商流図を作成することで、全体の流れが分かりやすくなります。商流図を作成する際は、自社を中心に配置し、そこから周囲に仕入れ先、販売先などを配置して基本情報を入れていきましょう。自社で発生している商流や物流が明確になることから、問題が発生しやすいポイントや、改善点も見えてきます。
商流は、時代の流れによって少しずつ変化しています。今後考えられるのは、ロボティクス(ロボット工学)による影響です。
人間の役に立つロボットの開発は積極的に進められており、さらに効率的な受発注データ処理の自動化などができるようになっていきます。
また、人工機能であるAIも発達を続けており、在庫管理だけではなく、得られた在庫情報をもとにした販売戦略の提案に活用可能です。
さらには、IoTシステムを導入することにより、サービスの高度化につなげることもできます。
ロボティクスやAI、IoTなどを取り入れることにより、商流に関連した業務が効率化されたり、問題点の改善ができたりするようになるでしょう。ですが、これらのシステムを効率よく活用するためには、物流と商流の両方を理解しておくことが欠かせません。
物流業界において商流の理解が重要である理由の一つとして、商流と物流を分ける商物分離について理解しやすくなるためと紹介しました。商物分離について考えた際、物流業務をアウトソース(外部委託)するのも一つの選択肢です。
ここでは、物流をアウトソースするメリットを解説します。
物流をアウトソースする場合、専門的な知識を持った企業にお願いする形になります。そのため、物流に特化した企業のサービスを利用可能です。
これまで以上に高度なノウハウを利用できるようになるでしょう。
例えば、現在物流業務において効率性が悪いと感じているような場合は、アウトソースすることによって効率化が目指せます。在庫数の最適化も期待できることから、メリットは大きいといえるでしょう。
アウトソースするとコストがかかるイメージを持っている方が多いですが、多くのケースではコスト削減が期待できます。これは、アウトソースすることによってこれまで必要となっていた物流業務関連の人件費を抑えられるからです。

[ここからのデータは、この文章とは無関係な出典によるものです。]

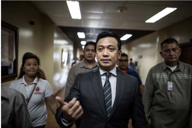
Senator Trillanes arrives at the Senate building in Manila on 25 September 2018. Senator Trillanes, a vocal critic of President Duterte, was arrested but posted bail in proceedings that the lawmaker decried as a "failure of democracy".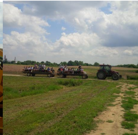
A leisurely wagon ride on one of two sets of wagons through the pot in pot and field operations.

物流業務をアウトソースすれば、自社で倉庫の維持にかかる設備や車両といったものを確保する必要がなくなります。特に、物流業務がうまく回っておらず、無駄が発生しているような場合は大幅なコスト削減につながる可能性があります。
物流のアウトソース化はリスクの分散にもつながります。
例えば、自社ですべての物流を担当する場合、天候や交通渋滞、災害といった外部要因が大きなリスクにつながってしまうことも多いです。
ですが、例えば、全国各地に拠点を持っているような企業に対して物流をアウトソースできれば、予想できない災害などが発生した際のリスク分散もできるようになります。

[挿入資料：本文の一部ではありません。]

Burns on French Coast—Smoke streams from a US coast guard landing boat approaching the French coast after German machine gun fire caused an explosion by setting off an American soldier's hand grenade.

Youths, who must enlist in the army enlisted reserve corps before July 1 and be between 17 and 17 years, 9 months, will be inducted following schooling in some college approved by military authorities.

物流をアウトソースする場合、何かトラブルなどが発生した際もこれまで蓄積してきたノウハウを活かす形で柔軟性を持って対応してくれるのが魅力です。実際に、自社でトラブルが発生した際にうまく対応できなかった経験があるような場合も、物流のアウトソースを検討してみると良いでしょう。
自社では対応するのに時間がかかってしまうようなサービスに対応しているケースも多く、柔軟性だけではなく拡張性にも優れているので、自社に合った企業を選択することによってさまざまなメリットが期待できます。
いかがだったでしょうか。商流とは何か、なぜ理解が重要なのかに解説しました。概要や自社の商流を把握する方法などについてご理解いただけたかと思います。物流との違いを知り、業務の改善などにつなげていきましょう。